Patron use in the West is markedly higher, in particular, than on the Eastside, which has the least transit-supportive land use, despite important growing transit markets oriented to downtown Bellevue, Redmond, and Kirkland — as well as commuter services to many areas of Seattle. The East has 17 percent of the service hours but less than 10 percent of the riders. The balance of the service hours (21 percent) are in South County; it falls midway between West and East in the intensity with which its services are actually patronized.
With its latest cuts, Metro managers followed the pro rata formula and therefore cut 31,000 service hours on 50 West sub-area routes; 10,500 hours on 34 South sub-area routes; and 8,500 hours on just 18 routes in the East sub-area.

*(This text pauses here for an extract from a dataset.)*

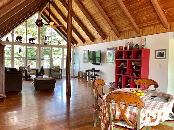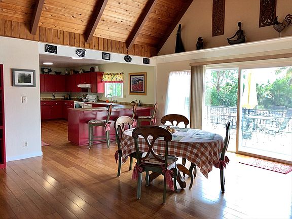 This updated A-frame home features two large master bedroom suites or easily convert second master suite back to two bedrooms. Enjoy Pacific Ocean breezes, and Mauna Kea views. A well designed natural landscape with exotic palms and producing tropical fruit trees....welcome to your Hawaiian dream home!Beautiful features and details include:* Open family/dining room concept with sweeping views of the sunrise and mountains* Master suite has spacious tiled bath featuring "Reed Glass" doors leading to the private side lanai* 2nd master suite has its own private entrance, new toilet, tub and sink* All new, double-pane Jen-Weld windows throughout* Large kitchen with newer appliances and ample cabinets and counter space for cooking and entertaining* Newer bamboo wood flooring* Newer hot water heater, pump and clean water double filtration & UV system* Tiled back deck with iron railings with an extended cement pad and staircase leading to private outdoor shower* Lava rock walls and lava planters hosting beautiful varieties of flowers and shrubs* Fero-Cement catchment tank thoughtfully situated under the lanai - thats correct; no huge round catchment tank obscuring views in this yard* Finished 10x14 shed* Covered carport (440 sq ft) recently painted with storage cabinets and shelving * House purchase includes emergency Generator with hook-up, 220 V hook up* T1-11 for durability* New exterior trim on house and interior & exterior of home painted * Whole House Fan installed in hallway for attic hot air release* Currently under termite warranty, tented in 2016 The outside is botanical paradise with over 100 edible plants, including avocado, bananas, cherry, pommelo, tangerine, lemon, lime, kumquat, tangelo, coffee, fig, turmeric, jaboticaba, jackfruit, lilikoi, mango, mangosteen, mountain apple, papaya, pineapples, rambutan, rollinia, soursops and starfruit. See addendum for full list.

Because patronage in the sub-areas is not distributed the same way as the service hours, whacking routes in the West did proportionally higher damage to West riders than to others.
Indeed, some routes that were untouched by the cuts and will still operate in the East, and to a lesser extent also in the South, have lower ridership than terminated routes in the West.
According to Metro statistics, three-quarters of the riders who suffered moderate or greater impacts to the convenience of their transit use from the 2010 cuts were in the West, including Seattle. The Eastside cuts were to routes so lightly used that, of all the riders with significant loss to their transit convenience, only 5 percent were Eastside riders.
Rules of the game that generate such outcomes aren’t very attractive now, when we should be stretching the value of the taxpayers’ dollars. (Over 70 percent of Metro’s operating costs are drawn from sales-tax revenues.) Indeed, by preserving bus routes with lower ridership over those that are more fully used, Metro is heading toward an even greater per-rider cost.